Dear Abby’s column for Sunday Sept. 6 has a story from a reader who is declining social invitations, but is keeping quiet about the reason:

When someone who is hurting financially is invited out to a restaurant, bar, movie, etc., and the person declines your invitation, please don’t take it personally. He or she may be watching every penny. Every cent matters if it’s needed for food, shelter, bills, etc. A person in this situation simply cannot afford to “splurge” on these kinds of activities.

Jeanne Phillips, who now writes the Dear Abby column that was started by her late mother, said she understood and emphasized that finances are sometimes the reason for a declined invitation.
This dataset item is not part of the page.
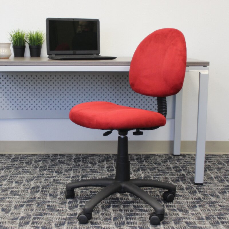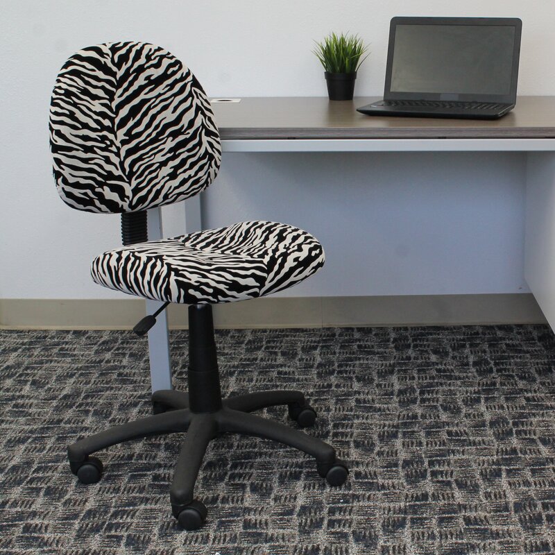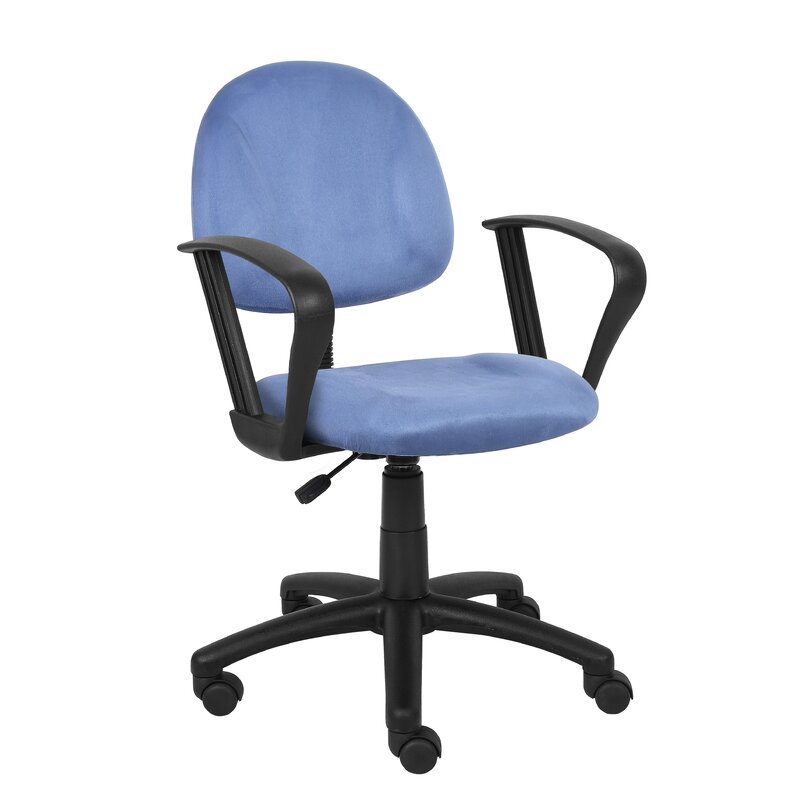 Whether used in the home office or workplace cubicle, this office chair is a must-have for anyone who works long hours from a sitting position. Simplistic in design yet bold in color, this desk chair features a padded seat and back to provide lumbar support. It includes a pneumatic lever for adjusting the height, as well as a plastic base with swivel casters for easy transport.

However … I think it is a mistake to not let your friends, acquaintances and colleagues know you have decided to cut back financially rather than cut back on being part of their lives. You will be more upset than you already are about your financial situation if you never get out of the house.

I don’t go around telling people the list of what bills my husband and I have to pay that week. I also don’t write about my credit score or my exact income like some personal finance bloggers do (Note that bloggers who write that specifically about their finances are usually writing anonymously).

I do, however, follow up as needed with explanations or references that I think people understand fairly quickly. Here are some of the responses I’ve given people in recent months:

  • “No, I’m sorry. We don’t have the funds. My husband has been on layoff quite a bit this year.”
  • “Let’s meet up for pizza on Saturday night instead of going to Cedar Point on Sunday. We’re saving up our slush money for another event that’s already on the calendar.”
  • “I have a schedule conflict for the dinner on Saturday, but I’d love to meet up with you at the high school football game Friday night.”
  • “I already had lunch. Let’s just order coffee and dessert.”
  • “We’ll arrange it as a day trip this time rather than a weekend away.”

Besides, most of my readers live in Michigan or Ohio. You all most certainly know someone who has been personally affected by the recession: underwater mortgage, a former home that won’t sell, investment fund collapsed, extended layoff, furlough days, unemployment, pay cut, loss of overtime, loss in commissions or business revenue.

So, how else does a financially strained person socialize? Well, depending on the time of year and their interests, this could include:

  • The free summer outdoor concerts at St. Mary’s Park and Loranger Square pavilion in Monroe, Mich. BYO food is quite acceptable at those events.
  • Picnics or beach parties at Sterling State Park. Remember to carpool so that only one vehicle entry fee is required. Besides, Michigan Bridge Card holders and Michigan residents age 65 and older are eligible for reduced-rate annual passes.
  • Attend the musical pageants and concerts that are hosted by local churches, schools and shopping malls. Most of the live amateur performances in the Monroe area are free or admission by donation, and the local entertainment calendar will be pretty full from mid-November to mid-December.
  • Play cards and games at each others’ homes. One of the reasons that today’s senior citizens like to play cards is that it was cheap entertainment when they were growing up. (Just don’t turn a friendly poker game into a gambling contest.) And most families today have quite an assortment of board games or video games that they can trade off or share with friends.
  • “Tailgate parties” at each other’s homes to watch a favorite sports event. Split up the food and beverage assignments potluck-style, and you might be able to eat just as well as you would at the sports bar.